Thanks for the info guys. This was reasonably priced so wanted some thoughts before I grabbed it. Think I'll go in another direction do you some of the reviews I read stated this must be connected via pc and pc must be on in order to upload data to the app and weather underground. This is a deal killer for me because I can't afford to make decisions based on data that's possibly outdated.


----------



## Mdjamesd (Sep 5, 2019)

I bought an acurite 01512 for a friend back in dec of 2017. Still works, and seems to be fairly accurate


----------



## pp6000v2 (Mar 8, 2021)

The "station" itself is what you're mounting on your pole or roof. The display screen included in that Lowes package works over wifi, it's not connected to your computer for data logging. Measured against other thermometers and a trusted anemometer, I've found mine to be accurate. The screen does need to be on for it to upload. The station isn't storing data, it's just a sensor suite, and the screen is logging the output. That one has a battery backup so if power is disconnected for a little while (hours- not days or weeks), it will continue to receive data. For my display screen's weather underground connection, data is pushed to WU every 30 seconds.


----------



## Jeep4life (Jun 19, 2019)

I've been into weather stations for a number of years now (weather being my other hobby beyond the lawn/yard).

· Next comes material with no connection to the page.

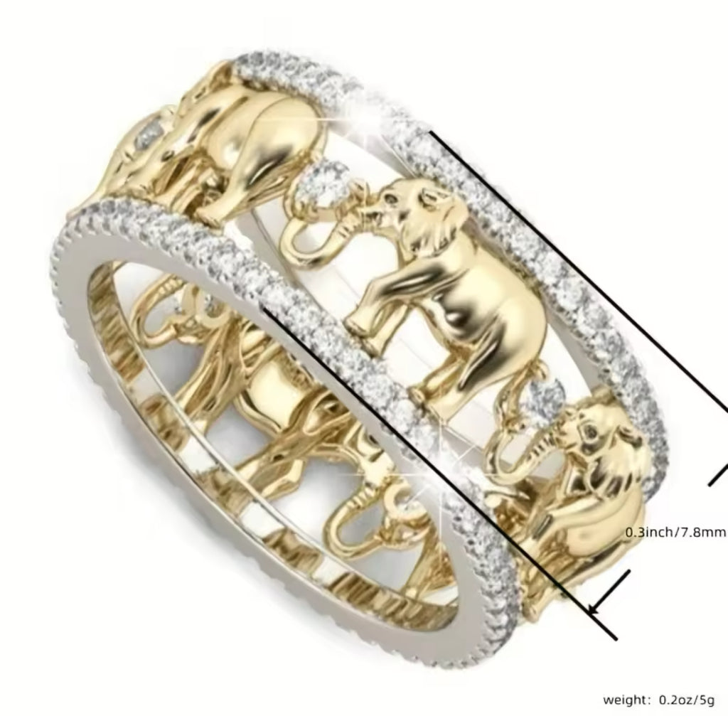 This exquisite stainless steel gold ring showcases a beautifully detailed procession of elephants encircling the band. Each elephant is meticulously crafted, with raised trunks and legs that highlight their intricate features. The ring is elegantly bordered by two rows of sparkling cubic zirconia diamonds, enhancing its luxurious appeal. Measuring 0.3 inches (7.8 mm) in width and weighing 0.2 ounces (5 grams), it strikes a perfect balance between opulence and everyday wearability.

With weather stations you have to keep in mind that they are out in the elements 24/7/365 so like many things you get what you pay for. Cheaper stations are as accurate as 95% of the population would need, but they're only going to last a few years.

The Acurite 5-in-1, or "Iris" as they call it, was my first upgrade from the very basic 3-in-1 station. It's still running in my yard after about 7 years (I use it as a backup), but during the summer occasionally it will spike to a VERY hot temp before coming back down later. That's due to the plastic heating up and the issues with the internal fan that is supposed to keep air moving across the sensor to prevent the temperature spike. It didn't start doing that until several years after purchasing.

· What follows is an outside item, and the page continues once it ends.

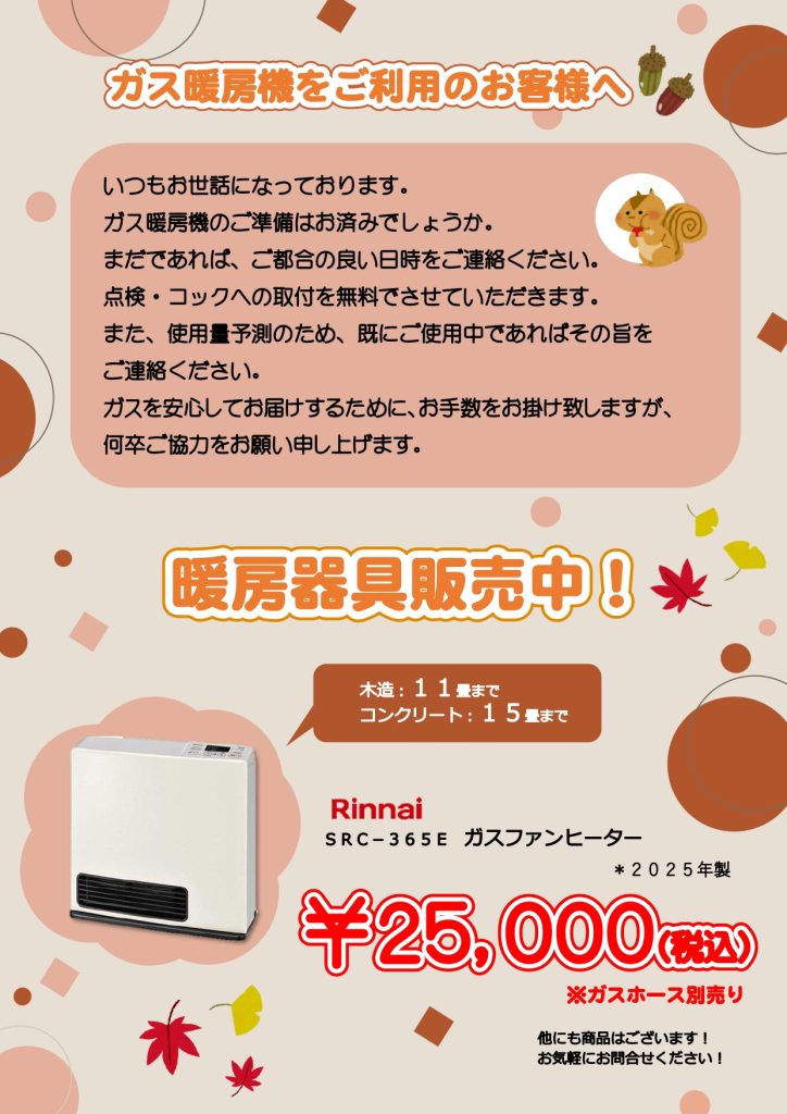 様々な種類のガスファンヒーターもお値打ち価格で販売しておりますので、

I later upgraded to a Davis Instruments station (Vantage Pro2+), which for around the cost of an iPad or iPhone is as accurate as you can get without getting into scientific grade costs. I've loved it and the fact that if anything breaks on it I can order parts individually instead of having to buy a new station. I also have soil moisture sensors in the yard and garden that tie into the weather station and app to get a better idea of when to water and how much water is evaporating/being used.

With the acurite station, the below equipment is what you need to send the data to their servers so you can utilize their app. You can also use this to send the data to Weather Underground.

https://www.acurite.com/shop-all/weather-instruments/weather-sensors-and-parts/displays/access-my-acurite-remote-monitoring.html

These may be over your budget, but i'd suggest one of the below units for accuracy that also have a reputation for being quality equipment that will last in the elements.

https://shop.weatherflow.com/collections/frontpage/products/tempest
https://www.scientificsales.com/Davis-Vantage-Vue-Weather-Stations-s/34.htm

Good luck!


----------



## Ware (Jan 28, 2017)

Tempest is another station worth taking a look at, but at $329 it is a step up in price from the AcuRite or Ambient Weather offerings.

With a ~$370 budget, I think the Davis Vantage Vue bundled with the Weather Link Live becomes the clear choice.


----------



## Ware (Jan 28, 2017)

@Jeep4life beat me to it.

As he mentioned, I don't know anyone who has regretted spending a little more for a quality station. :thumbup:


----------



## Theycallmemrr (May 16, 2019)

Ware said:


> Tempest is another station worth taking a look at, but at $329 it is a step up in price from the AcuRite or Ambient Weather offerings.
> 
> With a ~$370 budget, I think the Davis Vantage Vue bundled with the Weather Link Live becomes the clear choice.


@Jeep4life 
Which one would you recommend between the two? First thing I would like to do is be able to export the data so my Rachio could use it. What other things do you use yours for? Is there any way to get a soil temp probe added to either?


----------



## Ware (Jan 28, 2017)

Theycallmemrr said:


> Ware said:
> 
> 
> > Tempest is another station worth taking a look at, but at $329 it is a step up in price from the AcuRite or Ambient Weather offerings.
> ...


The Davis WeatherLink Live will connect with up to 8 different stations - so in addition to the Vantage Vue Inegrated Sensor Suite, it would communicate with a Davis Leaf & Soil Moisture/Temperature Station.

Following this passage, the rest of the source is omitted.